Charming old ads and nostalgic tunes about a “bicycle built for two” romanticize the 1890s “bike boom.” But along with fun, the bike changed more than transportation. It gave women a rare taste of freedom. That taste, of course, did not come without a backlash.
For decades before 1890, bikes had been around the block, yet they were dangerous and decidedly for men only. It took macho daring to climb onto a “penny farthing” and ride six feet above the pavement pedaling a huge front wheel. Tires? Wooden or steel, earning these bikes the nickname “boneshakers.” Brakes? Sorry. Try back-pedaling.
Then a Parisian mechanic invented the “safety bike.” This precursor of today’s bikes had modest wheels, pedals, and a chain. The biggest innovation, however, was rubber tires. No more bone shaking.
In 1887, the Overman Wheel Company in Chicopee Falls, MA began making the first American models. Come the new decade, the craze was on. New York Journal: “Man, woman and child — the population of Christendom — is awheel. The church? It is forgotten. The Sabbath? A cycling day. The horse? Token and companion of gentlemanhood. Tobacco has been forsaken. Politics has become merely a catering to the wheelmen’s wishes.”
Everyone, it seemed, wanted a bicycle. And as prices dropped to under $100, as lighter bikes replaced 50-pound clunkers, everyone — every adult anyway — got one. Queen Victoria rode a bike. Tolstoy learned to ride — at his age! Wheel clubs sent hundreds of riders on evening jaunts, sometimes to the tune of brass bands. But the most revolutionary riders — one third of the total — were women.

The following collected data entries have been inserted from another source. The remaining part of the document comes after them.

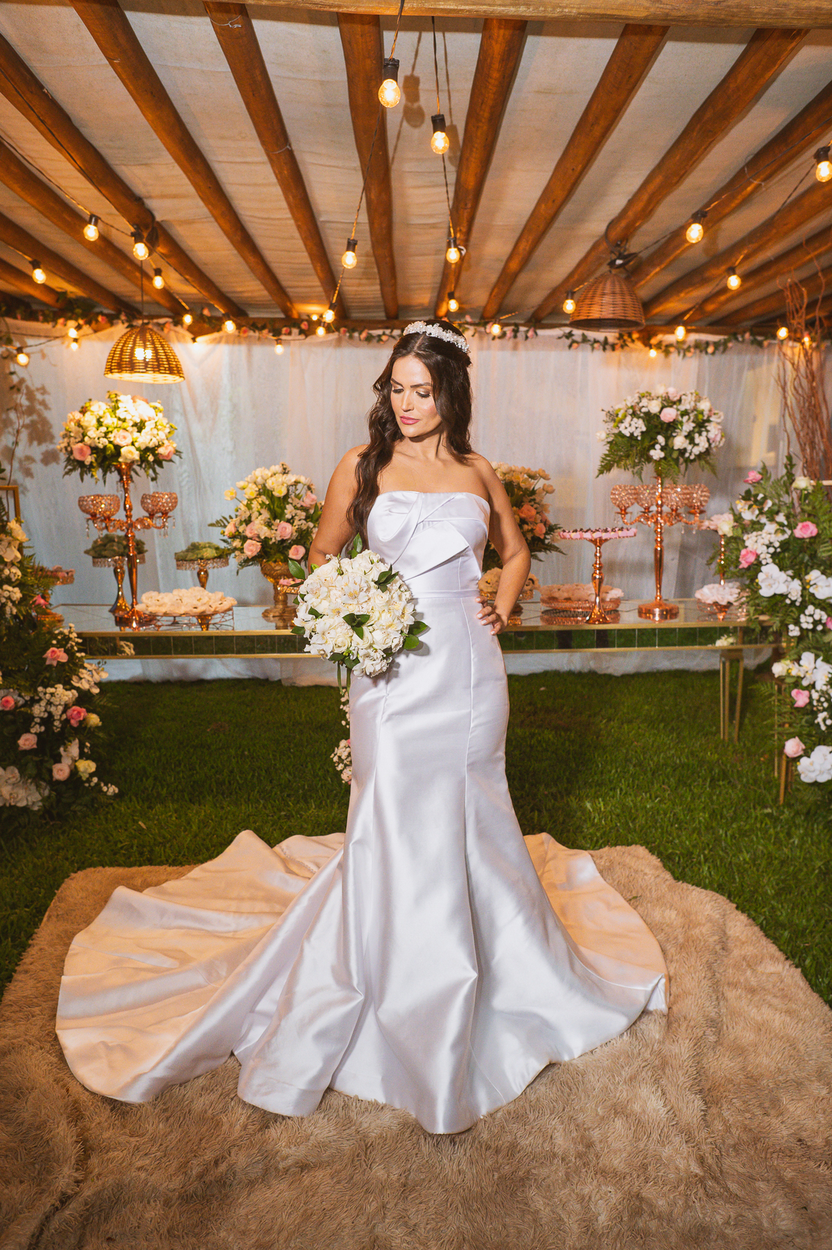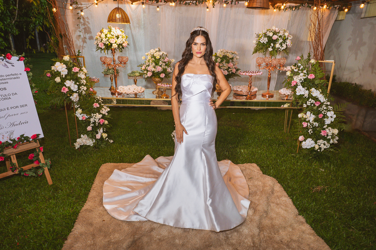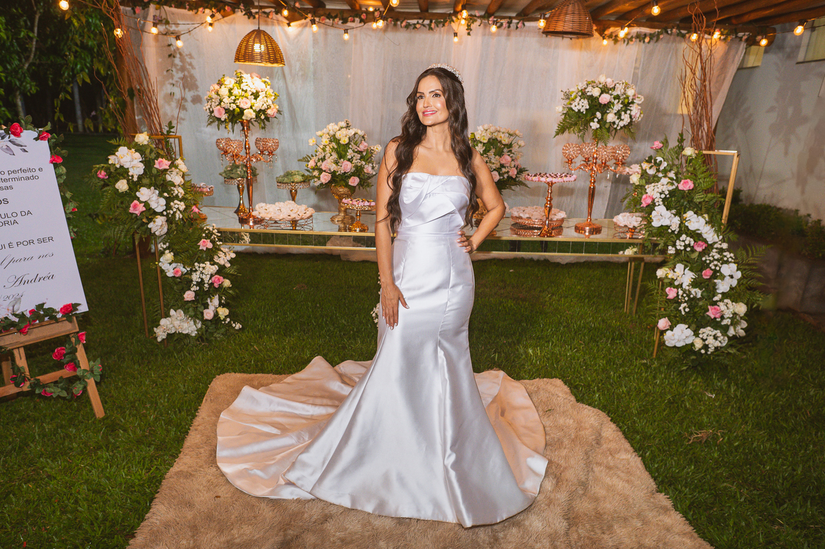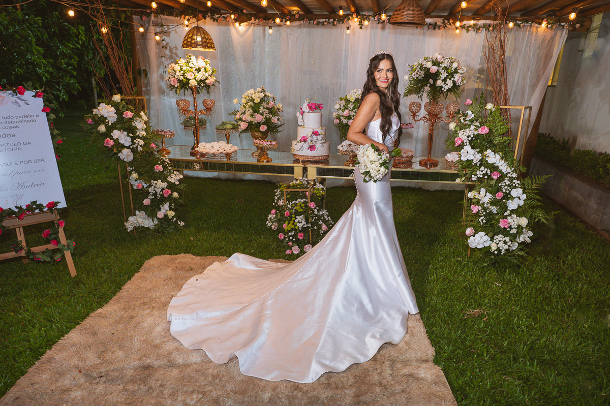 Solicitaram ao noivo que ficasse de costas, para que a surpresa fosse ainda mais positiva. Andréa veio caminhando e todos os olhares se voltaram pra onde ela estava. A marcha nupcial ia sendo tocada ao passo que ela vinha em direção ao noivo. Chegando no corredor, Junio virou-se e viu sua noiva, belíssima e cheia de amor por ele, o esperando na entrada da tenda. Só mais alguns passos para que enfim eles oficializassem sua união perante todos. Andréa caminhou vagarosamente, como se desfilasse toda a exuberância de seu vestido. No findar dos passos, Junio esperava ansiosamente pelo encontro. Com um beijo na testa da noiva, ele recebeu e selou aquele momento diante de todos.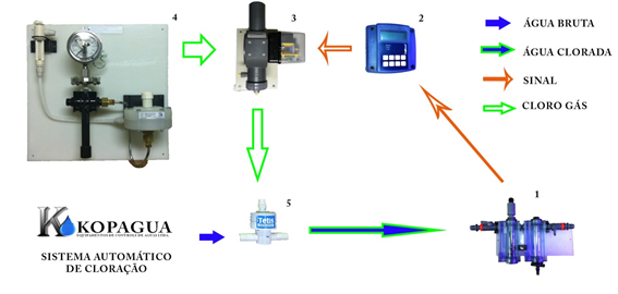 O sistema de automação para linha de cloro consiste na análise da água de uma linha pré-determinada (tanque de armazenagem de água tratada) através de um sensor eletrolítico que envia o resultado desta avaliação para o analisador, (é importante que o sensor não fique localizado em uma distância muito curta do ponto de aplicação, o cloro demora alguns segundos até misturar completamente com a água. Após passar pelo sensor essa água não deve ser enviada de volta para o tanque de armazenagem.) O Analisador compara este resultado a uma dosagem solicitada, que, sendo diferente envia um sinal de 4 a 20 mA para uma válvula de controle de dosagem localizada junto ao aparelho clorador, definindo assim o aumento ou redução na dosagem. Esta dosagem é feita através do ejetor, que é um componente do clorador que mistura o cloro de forma proporcional à água.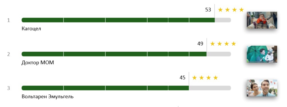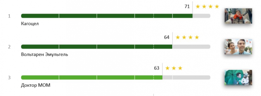 По результатам исследования, «Кагоцел» смог набрать 71 балл и вырваться на первое место этого рейтинга, а вслед за ним с отставанием в 7 баллов расположился ролик «Вольтарен Эмульгель».

“Does the New Woman spring from the bicyclist,” the Chicago Tribune asked, “or does the bicyclist spring from the New Woman? They are certainly cousins.” The basic build of the bicycle, however, posed a basic problem for Victorian America.
Women could ride horseback — sidesaddle. But riding a bike required straddling the seat. In a long skirt? With petticoats? “Some friends and I were riding one day against a very heavy wind,” one woman wrote, “when it caught my skirt and wound it around my pedal, throwing me. The rapid gait I was going caused the force of the fall to break my arm. It laid me up six weeks.”
The answer was a garment decades old but shunned by (ahem!) proper women. Suffragette Amelia Bloomer might wear these baggy pantaloons, but no self-respecting woman would. Until bicycles came along.
As sales of bikes and bloomers soared, women rode free! Free from husbands, housework, drudgery. It was wonderful, so wonderful that it had to be stopped. Nebraska’s Women’s Rescue League complained that bicycles led women “headlong into the devil.” Congress should pass a law! More than one divorce was blamed on a wife who “spent nearly all her time riding on her wheel.” Yet women fought back.
Bloomers and bikes, one wrote, simply show “that women have legs like any one else, and that they are made for use.” The bicycle, she added, “marks the beginning of a new era.”
In 1896, Margaret DeLong biked from Chicago to San Francisco — alone (carrying a pistol). But further jeremiads followed: “Have we not sexual troubles enough on our hands without opening Pandora’s Box and hauling out a bike?”
Still the craze continued. Back in 1890, America had 80,000 bikes. Six years later, the number topped a million, “Everything is bicycle,” author Stephen Crane noted. As bicycles bloomed, business suffered. Cigar makers, saloons, shoe salesmen, all saw sales slump. “There is nothing in my business any longer,” a Manhattan barber complained. “The bicycle has ruined it.”
The boom finally went bust as a new century approached. Someone figured out how to motorize a bicycle, making 10 m.p.h. seem slow. Automobiles were in the making. Bike companies, having overproduced, went bankrupt, but the legacy lived on.
No, bicycles did not “lead to sterility in the male.” They did not give women “bicycle face,” nor did they “annihilate the reading habit.” (Blame TV and smart phones for that.) But having opened a new world for “bicycle girls,” the simple two-wheeler sowed seeds of liberation.
Said suffragette Susan B. Anthony, “The bicycle has done more for the emancipation of women than anything else in the world.” Ride on!